I have a birthday coming up at the end of this week. I will be 48!! That is SO hard to believe. There is still a 20 something woman living inside this aging body. I remember when I was in my early 20's looking at people who were 50 and seeing an adult that was "getting older". =) I keep waiting to feel like I am one of those "older adults", but I still feel like this younger woman. I assume that those "older adults" still feel young as well. Time is something that just keeps on passing whether we want it to or not. I still would love more children, but maybe it will be grandchildren instead.

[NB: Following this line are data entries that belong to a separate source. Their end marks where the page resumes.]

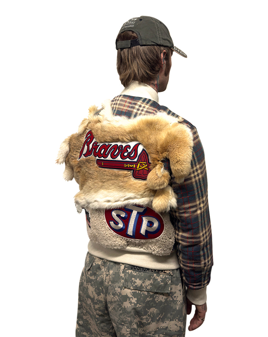 Souvenir Flesh Bomber. A symbol of the ethos of the brand, JOSHUA JAMAL. The Souvenir Flesh Bomber is made from reconstituted vintage patches, flannels and Tuscan Lambskin, making each Bomber an entirely one-of-a-kind piece. Orders ship out within 1-2 weeks.
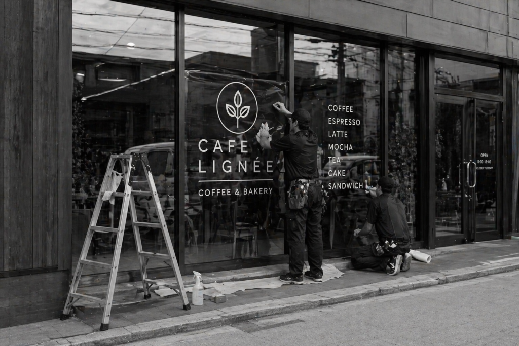比較的コストを抑えて貼り替えができるのが、アルミ複合板を使用したプレート看板や、ガラス面に貼るウィンドウサインです。これらは既存の壁やガラスをそのまま土台として利用できるため、大きな構造工事が必要ありません。
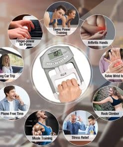 4. Multiusos – Fortalecedores de manos para la fuerza diseñados para uso doméstico, deportivo y clínico, el agarre de mano electrónico es adecuado para mejorar la fuerza y la rehabilitación de lesiones como muñeca, dedo, mano y ejercicios musculares.
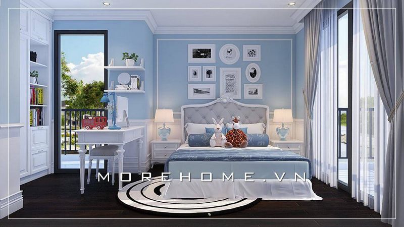 Bố trí nội thất phòng ngủ bé trai đẹp đầy khoa học, KTS lựa chọn gam màu xanh đẹp mắt tạo sự thích thú hơn cho phòng ngủ của con
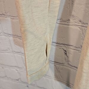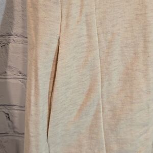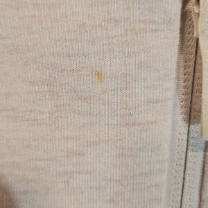 In very good used condition tiny spot in the front as shown. Light cream in color. 2 front pockets and thumb holes

When you are going to be 48, you sit back and reflect where you are in life, where you thought you would be at this age and what caused the difference between the two. I was going to get married and have 12 babies. When the farm dream came and we pursued it, we again saw a house full of children helping us on the farm and living the "good life". God gave us a house with 6 bedrooms and we thought He was going to fill them up with children. Then we tried for a year and a half to adopt a sibling group of six. God has had other plans for us. As far as babies, He has given us one. He is a good one though. =) The Lord has placed lots of people in my life that do have lots of babies. Most of them have shared them with me. I had two friends who allowed me to be at their home births and then totally hog their children at church. I would have 2 babies in my arms and when someone asked to hold one, I would tell them to ask the mother of the baby. Both friends would say, "No, Marci has them." One of those two ladies, Rhonda, really shared her whole pregnancy with me. I got to help in the delivery and little Audrey was truly part mine. Melanie, who has a blog Candle By Night, shared her first little guy with me. Then just an hour after having her second one (at home), she called and told me to come over and cuddle that brand new little blessing. Not many people get to do that. So, God has blessed me, but in a different way than I envisioned.
The difference between the 2 outcomes of my life, is allowing the Lord to choose my path. His choosing is always for my best. He uses the hard things in life to hone me and to make me more like Him. However, He also showers down the blessings on us as well. I publically praise the Lord for all He has done for me!!